12 / 42
第12話 呪われた筋書き(スクリプト)と、騎士の誓い
しおりを挟む
夜会の日は、一日、また一日と、着実に近づいていた。
学園全体が、どこか浮き足立ったような、甘い熱気に満ちている。誰もが、星降りの夜会で誰と踊るか、どんなドレスを着るかで持ちきりだった。
もちろん、私も例外ではない。
ただ、私の胸を焦がす熱は、他の令嬢たちのそれとは、全く質が異なっていた。
(ワルツの、基本ステップは……)
夜、自室に戻った私は、こっそりと夜会で踊るための練習をしていた。もちろん、足首はぴんぴんしている。偽装した捻挫がバレないよう、ごく緩やかな、最小限の動きで。
私の目的は、アルバート殿下と踊る、華やかなワルツじゃない。
レオンハルト様と、たとえ一瞬でもいい、共に音楽を感じるための、静かなダンス。
部屋の扉の外には、彼の気配がある。
その気配が、私の決意を鈍らせもすれば、同時に、強くもさせた。
この壁の向こうに、彼がいる。
その事実だけが、今の私の、たった一つの道標だった。
†
夜会の三日前。
実家のルーメル家から、それはそれは大きな荷物が届いた。中身は、夜会で私が着るためのドレスだ。

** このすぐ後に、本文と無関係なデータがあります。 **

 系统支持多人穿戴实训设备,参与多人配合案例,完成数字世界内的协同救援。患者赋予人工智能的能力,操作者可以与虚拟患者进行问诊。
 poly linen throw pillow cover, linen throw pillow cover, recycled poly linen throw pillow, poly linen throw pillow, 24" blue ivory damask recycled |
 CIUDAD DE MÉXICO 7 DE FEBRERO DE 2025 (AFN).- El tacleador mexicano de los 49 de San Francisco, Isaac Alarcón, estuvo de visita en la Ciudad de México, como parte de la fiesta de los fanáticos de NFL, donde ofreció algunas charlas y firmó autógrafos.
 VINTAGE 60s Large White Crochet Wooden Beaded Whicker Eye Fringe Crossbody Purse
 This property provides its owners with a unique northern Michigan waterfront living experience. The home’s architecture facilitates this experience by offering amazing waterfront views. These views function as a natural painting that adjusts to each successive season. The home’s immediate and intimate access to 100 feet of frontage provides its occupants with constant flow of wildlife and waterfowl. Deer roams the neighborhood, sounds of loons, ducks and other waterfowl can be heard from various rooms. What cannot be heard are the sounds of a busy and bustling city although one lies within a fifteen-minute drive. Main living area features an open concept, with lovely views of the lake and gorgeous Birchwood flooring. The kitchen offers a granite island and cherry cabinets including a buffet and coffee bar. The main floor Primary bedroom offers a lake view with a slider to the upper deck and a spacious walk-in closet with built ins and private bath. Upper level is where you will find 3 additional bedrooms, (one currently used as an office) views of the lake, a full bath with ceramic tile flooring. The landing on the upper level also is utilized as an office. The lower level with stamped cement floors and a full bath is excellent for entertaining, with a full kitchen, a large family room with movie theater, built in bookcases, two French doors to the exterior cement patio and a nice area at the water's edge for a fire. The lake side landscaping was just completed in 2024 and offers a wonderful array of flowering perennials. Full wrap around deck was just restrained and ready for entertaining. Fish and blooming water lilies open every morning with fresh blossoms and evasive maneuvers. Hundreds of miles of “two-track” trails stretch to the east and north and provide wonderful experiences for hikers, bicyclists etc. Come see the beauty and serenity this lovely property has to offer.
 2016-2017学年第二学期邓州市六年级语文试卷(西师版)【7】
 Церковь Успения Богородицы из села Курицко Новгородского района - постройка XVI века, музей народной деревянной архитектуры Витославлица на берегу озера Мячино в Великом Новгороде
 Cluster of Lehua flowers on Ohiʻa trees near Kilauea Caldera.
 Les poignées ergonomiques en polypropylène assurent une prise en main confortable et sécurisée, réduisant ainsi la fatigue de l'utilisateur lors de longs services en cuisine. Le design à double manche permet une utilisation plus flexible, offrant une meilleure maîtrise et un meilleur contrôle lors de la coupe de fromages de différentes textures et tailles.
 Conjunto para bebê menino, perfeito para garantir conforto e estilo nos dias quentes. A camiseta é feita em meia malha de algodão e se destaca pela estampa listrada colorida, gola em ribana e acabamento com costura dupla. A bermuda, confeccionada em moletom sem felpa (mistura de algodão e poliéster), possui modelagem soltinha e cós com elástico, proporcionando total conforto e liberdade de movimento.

ルーメル家の令嬢が、初めての王宮主催の夜会で着るドレスは、代々受け継がれてきたものだと決まっている。
「……これ、ですのね」
侍女たちが広げたドレスを見て、私は息を呑んだ。
深い、血のような真紅のシルク。影のように落ちる、黒いレースの刺繍。身体の線を冷たく際立たせる、厳格で、しかし圧倒的に優雅なデザイン。

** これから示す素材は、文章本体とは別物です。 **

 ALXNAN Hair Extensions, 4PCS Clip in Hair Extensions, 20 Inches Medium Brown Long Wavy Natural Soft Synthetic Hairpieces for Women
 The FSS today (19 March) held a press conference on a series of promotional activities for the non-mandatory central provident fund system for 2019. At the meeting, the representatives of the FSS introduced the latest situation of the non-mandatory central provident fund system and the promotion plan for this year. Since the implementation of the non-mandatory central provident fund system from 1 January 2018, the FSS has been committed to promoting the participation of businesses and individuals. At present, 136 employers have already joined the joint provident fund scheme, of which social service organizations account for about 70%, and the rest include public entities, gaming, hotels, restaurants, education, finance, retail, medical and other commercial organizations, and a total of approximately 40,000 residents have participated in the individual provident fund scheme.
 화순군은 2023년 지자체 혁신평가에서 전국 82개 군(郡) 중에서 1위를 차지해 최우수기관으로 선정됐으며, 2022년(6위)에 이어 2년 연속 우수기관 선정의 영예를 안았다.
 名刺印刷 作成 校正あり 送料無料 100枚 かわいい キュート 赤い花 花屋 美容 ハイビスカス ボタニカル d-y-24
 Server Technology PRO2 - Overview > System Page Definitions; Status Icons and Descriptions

ゲームで見た、悪役令嬢アイナのための、完璧な一着だった。
「さあ、アイナ様。一度、袖を通してみてくださいませ」
侍女に促され、私はドレスに手を伸ばした。
その、指先が生地に触れた瞬間。
――ぞわり、と。
全身の産毛が、逆立った。
ドレスから、形容しがたいほどの、冷たい“何か”が流れ込んでくる。
それは、静電気のような物理的なものではない。もっと根源的な、魂を直接握られるような、不快な感覚。
「……っ!」
思わず手を引っ込める。
侍女たちは、不思議そうな顔で私を見ていた。
「いかがなさいましたか、アイナ様?」
「いえ、なんでも……」
気のせいだろうか。
私はもう一度、意を決してドレスに触れた。
やはり、同じ感覚。いや、もっと強い。生地に刺繍された黒い薔薇の模様が、一瞬、ぐにゃりと歪んで見えた。
これは、ただのドレスじゃない。
この世界のバグが、物語の強制力が、この「悪役令嬢の象徴」に、色濃く宿っているのだ。
(でも、これを着なければ、夜会には出られない……!)
私は覚悟を決め、侍女たちに手伝わせて、その呪われたドレスに身体を通した。
シルクが肌に触れた瞬間、意識が、ぐらりと揺れた。
寒い。
部屋の温度が、急速に下がっていく。
耳の奥で、知らない誰かの声が、囁き始めた。
『――ムカえ。――コロせ。――ウばえ』
憎悪。嫉妬。破滅への衝動。
それは、悪役令嬢アイナが、ヒロインに対して抱くはずだった、どす黒い感情の奔流。
ゲームの筋書き(スクリプト)が、私という異物を排除し、物語を本来の「断罪ルート」へ引き戻そうと、牙を剥いているのだ。
「あ……く……」
息が、できない。
身体の自由が奪われ、意識が、暗い感情に塗りつぶされていく。
その、瞬間だった。
バンッ!!
という轟音と共に、私の部屋の扉が、弾け飛ぶように開かれた。
「アイナ嬢!」
そこに立っていたのは、見たこともないほど険しい表情で、抜き身の剣を半ばまで鞘走らせた、レオンハルト様だった。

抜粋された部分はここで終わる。